[Records contained in a dataset]
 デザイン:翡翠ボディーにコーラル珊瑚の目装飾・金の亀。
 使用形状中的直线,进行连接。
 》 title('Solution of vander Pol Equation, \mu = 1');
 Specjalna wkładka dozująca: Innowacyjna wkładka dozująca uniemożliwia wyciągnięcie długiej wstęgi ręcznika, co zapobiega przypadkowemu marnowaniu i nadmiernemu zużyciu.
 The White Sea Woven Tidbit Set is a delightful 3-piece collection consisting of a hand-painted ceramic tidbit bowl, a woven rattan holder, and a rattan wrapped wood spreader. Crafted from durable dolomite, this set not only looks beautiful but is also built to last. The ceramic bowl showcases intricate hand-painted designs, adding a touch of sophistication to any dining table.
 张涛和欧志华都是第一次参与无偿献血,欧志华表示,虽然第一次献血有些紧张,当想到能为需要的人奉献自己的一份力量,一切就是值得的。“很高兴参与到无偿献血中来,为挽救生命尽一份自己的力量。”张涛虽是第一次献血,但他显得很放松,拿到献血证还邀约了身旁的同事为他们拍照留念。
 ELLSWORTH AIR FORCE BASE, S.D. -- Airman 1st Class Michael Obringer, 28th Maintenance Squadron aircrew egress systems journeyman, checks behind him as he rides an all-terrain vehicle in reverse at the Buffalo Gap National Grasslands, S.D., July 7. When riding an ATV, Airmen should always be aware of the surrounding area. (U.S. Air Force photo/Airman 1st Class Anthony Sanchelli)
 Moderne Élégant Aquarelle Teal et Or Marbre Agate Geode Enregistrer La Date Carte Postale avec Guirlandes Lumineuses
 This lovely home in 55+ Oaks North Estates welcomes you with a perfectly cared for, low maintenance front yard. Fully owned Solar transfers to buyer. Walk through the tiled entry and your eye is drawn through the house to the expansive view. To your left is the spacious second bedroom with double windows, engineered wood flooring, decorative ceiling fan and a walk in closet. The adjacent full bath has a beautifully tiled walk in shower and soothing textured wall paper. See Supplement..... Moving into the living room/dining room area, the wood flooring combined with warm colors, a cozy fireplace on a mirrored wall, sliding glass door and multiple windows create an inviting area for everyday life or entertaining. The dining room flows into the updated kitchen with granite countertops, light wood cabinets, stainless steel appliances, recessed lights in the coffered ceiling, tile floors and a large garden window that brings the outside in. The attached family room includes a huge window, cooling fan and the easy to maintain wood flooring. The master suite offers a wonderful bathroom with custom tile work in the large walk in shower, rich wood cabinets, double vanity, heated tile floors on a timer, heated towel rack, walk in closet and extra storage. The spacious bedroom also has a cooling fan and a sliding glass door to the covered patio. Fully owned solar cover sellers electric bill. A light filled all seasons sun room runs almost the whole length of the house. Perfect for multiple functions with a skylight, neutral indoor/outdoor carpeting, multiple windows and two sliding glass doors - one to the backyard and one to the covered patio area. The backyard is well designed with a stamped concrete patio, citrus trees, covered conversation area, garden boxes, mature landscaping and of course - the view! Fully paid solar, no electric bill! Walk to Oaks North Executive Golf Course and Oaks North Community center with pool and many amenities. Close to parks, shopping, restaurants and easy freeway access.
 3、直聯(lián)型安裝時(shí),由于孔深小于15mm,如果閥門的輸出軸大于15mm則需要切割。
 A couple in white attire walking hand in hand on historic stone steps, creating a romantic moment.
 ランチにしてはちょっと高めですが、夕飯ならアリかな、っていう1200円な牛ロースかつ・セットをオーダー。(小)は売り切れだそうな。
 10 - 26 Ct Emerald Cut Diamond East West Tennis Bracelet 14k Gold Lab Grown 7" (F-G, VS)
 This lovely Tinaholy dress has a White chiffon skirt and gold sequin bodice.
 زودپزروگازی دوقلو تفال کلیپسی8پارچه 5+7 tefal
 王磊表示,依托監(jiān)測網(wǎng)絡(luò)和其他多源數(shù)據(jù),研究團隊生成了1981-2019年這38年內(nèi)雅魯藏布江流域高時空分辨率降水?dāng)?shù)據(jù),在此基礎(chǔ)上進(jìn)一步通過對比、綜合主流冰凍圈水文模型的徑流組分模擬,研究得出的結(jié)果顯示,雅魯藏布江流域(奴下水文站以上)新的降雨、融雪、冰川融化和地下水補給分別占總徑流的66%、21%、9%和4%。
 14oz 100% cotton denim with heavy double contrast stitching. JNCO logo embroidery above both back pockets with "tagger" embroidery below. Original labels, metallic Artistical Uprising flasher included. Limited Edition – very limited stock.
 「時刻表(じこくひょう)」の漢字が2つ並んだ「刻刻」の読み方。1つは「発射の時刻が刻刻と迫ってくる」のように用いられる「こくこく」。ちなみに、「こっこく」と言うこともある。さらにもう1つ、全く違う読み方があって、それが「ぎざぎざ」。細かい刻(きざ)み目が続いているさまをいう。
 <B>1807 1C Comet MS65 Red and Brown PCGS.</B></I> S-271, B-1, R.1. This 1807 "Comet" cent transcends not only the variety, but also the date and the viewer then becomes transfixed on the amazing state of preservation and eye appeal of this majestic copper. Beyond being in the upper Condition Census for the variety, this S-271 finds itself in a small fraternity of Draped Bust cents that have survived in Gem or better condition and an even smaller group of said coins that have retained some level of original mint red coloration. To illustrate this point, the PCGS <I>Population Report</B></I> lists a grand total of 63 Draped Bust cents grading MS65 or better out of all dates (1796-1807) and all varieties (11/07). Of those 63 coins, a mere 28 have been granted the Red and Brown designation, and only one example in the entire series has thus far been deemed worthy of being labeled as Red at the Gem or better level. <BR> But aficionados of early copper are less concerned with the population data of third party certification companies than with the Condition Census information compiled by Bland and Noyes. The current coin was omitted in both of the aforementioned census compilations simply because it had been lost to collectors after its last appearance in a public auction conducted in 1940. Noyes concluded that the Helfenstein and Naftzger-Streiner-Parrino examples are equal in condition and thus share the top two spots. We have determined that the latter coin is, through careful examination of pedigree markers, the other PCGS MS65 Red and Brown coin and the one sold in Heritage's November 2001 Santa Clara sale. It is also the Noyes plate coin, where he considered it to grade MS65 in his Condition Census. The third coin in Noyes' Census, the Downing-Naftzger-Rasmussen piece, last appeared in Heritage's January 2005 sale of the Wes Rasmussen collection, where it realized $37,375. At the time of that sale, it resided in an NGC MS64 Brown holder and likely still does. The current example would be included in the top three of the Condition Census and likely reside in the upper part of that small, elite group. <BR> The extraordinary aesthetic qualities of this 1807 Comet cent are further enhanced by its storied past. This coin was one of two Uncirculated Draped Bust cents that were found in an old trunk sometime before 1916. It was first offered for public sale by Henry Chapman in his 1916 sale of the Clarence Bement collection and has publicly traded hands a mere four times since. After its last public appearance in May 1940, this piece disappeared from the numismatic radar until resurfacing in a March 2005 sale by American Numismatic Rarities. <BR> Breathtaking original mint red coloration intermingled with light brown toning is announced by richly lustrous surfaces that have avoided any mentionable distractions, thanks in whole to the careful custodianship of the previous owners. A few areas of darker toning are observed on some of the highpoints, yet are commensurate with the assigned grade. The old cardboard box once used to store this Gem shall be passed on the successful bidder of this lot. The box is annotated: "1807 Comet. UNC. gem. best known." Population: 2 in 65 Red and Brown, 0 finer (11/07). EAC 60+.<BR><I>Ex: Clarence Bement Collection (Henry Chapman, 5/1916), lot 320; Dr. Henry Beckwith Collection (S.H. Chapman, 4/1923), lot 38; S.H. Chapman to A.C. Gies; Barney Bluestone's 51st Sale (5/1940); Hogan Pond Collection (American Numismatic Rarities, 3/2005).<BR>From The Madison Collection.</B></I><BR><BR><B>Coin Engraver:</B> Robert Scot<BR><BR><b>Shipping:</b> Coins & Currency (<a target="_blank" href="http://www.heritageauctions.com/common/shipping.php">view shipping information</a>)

Task goal:
Repeat the data. Keep every word the same.

Response to the exercise:
 デザイン:翡翠ボディーにコーラル珊瑚の目装飾・金の亀。
 使用形状中的直线,进行连接。
 》 title('Solution of vander Pol Equation, \mu = 1');
 Specjalna wkładka dozująca: Innowacyjna wkładka dozująca uniemożliwia wyciągnięcie długiej wstęgi ręcznika, co zapobiega przypadkowemu marnowaniu i nadmiernemu zużyciu.
 The White Sea Woven Tidbit Set is a delightful 3-piece collection consisting of a hand-painted ceramic tidbit bowl, a woven rattan holder, and a rattan wrapped wood spreader. Crafted from durable dolomite, this set not only looks beautiful but is also built to last. The ceramic bowl showcases intricate hand-painted designs, adding a touch of sophistication to any dining table.
 张涛和欧志华都是第一次参与无偿献血,欧志华表示,虽然第一次献血有些紧张,当想到能为需要的人奉献自己的一份力量,一切就是值得的。“很高兴参与到无偿献血中来,为挽救生命尽一份自己的力量。”张涛虽是第一次献血,但他显得很放松,拿到献血证还邀约了身旁的同事为他们拍照留念。
 ELLSWORTH AIR FORCE BASE, S.D. -- Airman 1st Class Michael Obringer, 28th Maintenance Squadron aircrew egress systems journeyman, checks behind him as he rides an all-terrain vehicle in reverse at the Buffalo Gap National Grasslands, S.D., July 7. When riding an ATV, Airmen should always be aware of the surrounding area. (U.S. Air Force photo/Airman 1st Class Anthony Sanchelli)
 Moderne Élégant Aquarelle Teal et Or Marbre Agate Geode Enregistrer La Date Carte Postale avec Guirlandes Lumineuses
 This lovely home in 55+ Oaks North Estates welcomes you with a perfectly cared for, low maintenance front yard. Fully owned Solar transfers to buyer. Walk through the tiled entry and your eye is drawn through the house to the expansive view. To your left is the spacious second bedroom with double windows, engineered wood flooring, decorative ceiling fan and a walk in closet. The adjacent full bath has a beautifully tiled walk in shower and soothing textured wall paper. See Supplement..... Moving into the living room/dining room area, the wood flooring combined with warm colors, a cozy fireplace on a mirrored wall, sliding glass door and multiple windows create an inviting area for everyday life or entertaining. The dining room flows into the updated kitchen with granite countertops, light wood cabinets, stainless steel appliances, recessed lights in the coffered ceiling, tile floors and a large garden window that brings the outside in. The attached family room includes a huge window, cooling fan and the easy to maintain wood flooring. The master suite offers a wonderful bathroom with custom tile work in the large walk in shower, rich wood cabinets, double vanity, heated tile floors on a timer, heated towel rack, walk in closet and extra storage. The spacious bedroom also has a cooling fan and a sliding glass door to the covered patio. Fully owned solar cover sellers electric bill. A light filled all seasons sun room runs almost the whole length of the house. Perfect for multiple functions with a skylight, neutral indoor/outdoor carpeting, multiple windows and two sliding glass doors - one to the backyard and one to the covered patio area. The backyard is well designed with a stamped concrete patio, citrus trees, covered conversation area, garden boxes, mature landscaping and of course - the view! Fully paid solar, no electric bill! Walk to Oaks North Executive Golf Course and Oaks North Community center with pool and many amenities. Close to parks, shopping, restaurants and easy freeway access.
 3、直聯(lián)型安裝時(shí),由于孔深小于15mm,如果閥門的輸出軸大于15mm則需要切割。
 A couple in white attire walking hand in hand on historic stone steps, creating a romantic moment.
 ランチにしてはちょっと高めですが、夕飯ならアリかな、っていう1200円な牛ロースかつ・セットをオーダー。(小)は売り切れだそうな。
 10 - 26 Ct Emerald Cut Diamond East West Tennis Bracelet 14k Gold Lab Grown 7" (F-G, VS)
 This lovely Tinaholy dress has a White chiffon skirt and gold sequin bodice.
 زودپزروگازی دوقلو تفال کلیپسی8پارچه 5+7 tefal
 王磊表示,依托監(jiān)測網(wǎng)絡(luò)和其他多源數(shù)據(jù),研究團隊生成了1981-2019年這38年內(nèi)雅魯藏布江流域高時空分辨率降水?dāng)?shù)據(jù),在此基礎(chǔ)上進(jìn)一步通過對比、綜合主流冰凍圈水文模型的徑流組分模擬,研究得出的結(jié)果顯示,雅魯藏布江流域(奴下水文站以上)新的降雨、融雪、冰川融化和地下水補給分別占總徑流的66%、21%、9%和4%。
 14oz 100% cotton denim with heavy double contrast stitching. JNCO logo embroidery above both back pockets with "tagger" embroidery below. Original labels, metallic Artistical Uprising flasher included. Limited Edition – very limited stock.
 「時刻表(じこくひょう)」の漢字が2つ並んだ「刻刻」の読み方。1つは「発射の時刻が刻刻と迫ってくる」のように用いられる「こくこく」。ちなみに、「こっこく」と言うこともある。さらにもう1つ、全く違う読み方があって、それが「ぎざぎざ」。細かい刻(きざ)み目が続いているさまをいう。
 <B>1807 1C Comet MS65 Red and Brown PCGS.</B></I> S-271, B-1, R.1. This 1807 "Comet" cent transcends not only the variety, but also the date and the viewer then becomes transfixed on the amazing state of preservation and eye appeal of this majestic copper. Beyond being in the upper Condition Census for the variety, this S-271 finds itself in a small fraternity of Draped Bust cents that have survived in Gem or better condition and an even smaller group of said coins that have retained some level of original mint red coloration. To illustrate this point, the PCGS <I>Population Report</B></I> lists a grand total of 63 Draped Bust cents grading MS65 or better out of all dates (1796-1807) and all varieties (11/07). Of those 63 coins, a mere 28 have been granted the Red and Brown designation, and only one example in the entire series has thus far been deemed worthy of being labeled as Red at the Gem or better level. <BR> But aficionados of early copper are less concerned with the population data of third party certification companies than with the Condition Census information compiled by Bland and Noyes. The current coin was omitted in both of the aforementioned census compilations simply because it had been lost to collectors after its last appearance in a public auction conducted in 1940. Noyes concluded that the Helfenstein and Naftzger-Streiner-Parrino examples are equal in condition and thus share the top two spots. We have determined that the latter coin is, through careful examination of pedigree markers, the other PCGS MS65 Red and Brown coin and the one sold in Heritage's November 2001 Santa Clara sale. It is also the Noyes plate coin, where he considered it to grade MS65 in his Condition Census. The third coin in Noyes' Census, the Downing-Naftzger-Rasmussen piece, last appeared in Heritage's January 2005 sale of the Wes Rasmussen collection, where it realized $37,375. At the time of that sale, it resided in an NGC MS64 Brown holder and likely still does. The current example would be included in the top three of the Condition Census and likely reside in the upper part of that small, elite group. <BR> The extraordinary aesthetic qualities of this 1807 Comet cent are further enhanced by its storied past. This coin was one of two Uncirculated Draped Bust cents that were found in an old trunk sometime before 1916. It was first offered for public sale by Henry Chapman in his 1916 sale of the Clarence Bement collection and has publicly traded hands a mere four times since. After its last public appearance in May 1940, this piece disappeared from the numismatic radar until resurfacing in a March 2005 sale by American Numismatic Rarities. <BR> Breathtaking original mint red coloration intermingled with light brown toning is announced by richly lustrous surfaces that have avoided any mentionable distractions, thanks in whole to the careful custodianship of the previous owners. A few areas of darker toning are observed on some of the highpoints, yet are commensurate with the assigned grade. The old cardboard box once used to store this Gem shall be passed on the successful bidder of this lot. The box is annotated: "1807 Comet. UNC. gem. best known." Population: 2 in 65 Red and Brown, 0 finer (11/07). EAC 60+.<BR><I>Ex: Clarence Bement Collection (Henry Chapman, 5/1916), lot 320; Dr. Henry Beckwith Collection (S.H. Chapman, 4/1923), lot 38; S.H. Chapman to A.C. Gies; Barney Bluestone's 51st Sale (5/1940); Hogan Pond Collection (American Numismatic Rarities, 3/2005).<BR>From The Madison Collection.</B></I><BR><BR><B>Coin Engraver:</B> Robert Scot<BR><BR><b>Shipping:</b> Coins & Currency (<a target="_blank" href="http://www.heritageauctions.com/common/shipping.php">view shipping information</a>)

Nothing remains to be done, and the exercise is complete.